Cochlin is a protein that in humans is encoded by the COCH gene. It is an extracellular matrix (ECM) protein highly abundant in the cochlea and vestibule of the inner ear, constituting the major non-collagen component of the ECM of the inner ear. The protein is highly conserved in human, mouse, and chicken, showing 94% and 79% amino acid identity of human to mouse and chicken sequences, respectively.

== Structure ==
Cochlin contains three protein domains: an N-terminal LCCL domain, and two copies of Von Willebrand factor type A domains.

== Function ==
The gene is expressed in spindle-shaped cells located along nerve fibers between the auditory ganglion and sensory epithelium. These cells accompany neurites at the habenula perforata, the opening through which neurites extend to innervate hair cells. This and the pattern of expression of this gene in chicken inner ear paralleled the histologic findings of acidophilic deposits, consistent with mucopolysaccharide ground substance, in temporal bones from DFNA9 (autosomal dominant nonsyndromic sensorineural deafness 9) patients. Mutations that cause DFNA9 have been reported in this gene.
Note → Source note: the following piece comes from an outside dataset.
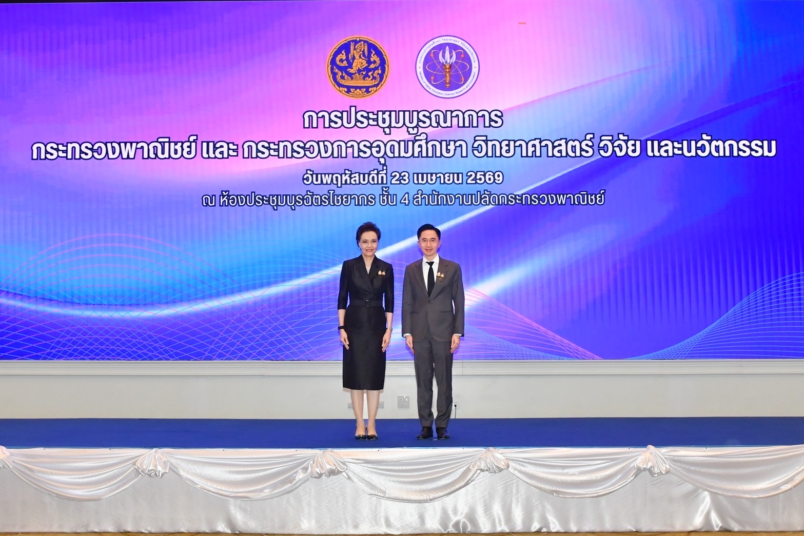 เมื่อวันที่ 23 เม.ย. ศ.ดร.ยศชนัน วงศ์สวัสดิ์ รองนายกรัฐมนตรีและรัฐมนตรีว่าการกระทรวงการอุดมศึกษา วิทยาศาสตร์ วิจัยและนวัตกรรม (อว.) และนางศุภจี สุธรรมพันธุ์ รองนายกรัฐมนตรีและรัฐมนตรีว่าการกระทรวงพาณิชย์ (พณ.) ร่วมประชุมบูรณาการระหว่างกระทรวง อว. และกระทรวง พณ. โดยมี ศ.ดร.ศุภชัย ปทุมนากุล ปลัดกระทรวง อว. นายวุฒิไกร ลีวีระพันธ์ุ” ปลัดกระทรวง พณ. และผู้บริหารจากทั้งสองหน่วยงาน เข้าร่วม เพื่อเชื่อมโยงจุดแข็งด้านงานวิจัยและนวัตกรรมของกระทรวง อว. เข้ากับศักยภาพด้านการตลาดของกระทรวง พณ. มุ่งเป้ายกระดับขีดความสามารถในการแข่งขันของประเทศอย่างเป็นรูปธรรม ที่ห้องประชุมบูรฉัตรไชยากร ชั้น 4 กระทรวงพาณิชย์

Cochlin has been identified in the trabecular meshwork (TM) of glaucoma patients, but not in healthy controls. The TM is a filter like area of tissue in the eye; cochlin may have a role in cell adhesion, mechanosensation, and modulation of the TM filter.

It is also expressed in follicular dendritic cells in spleen and lymph nodes. Here, cochlin is cleaved by aggrecanases and secreted into blood circulation during inflammation, contributing to the antibacterial innate immune response.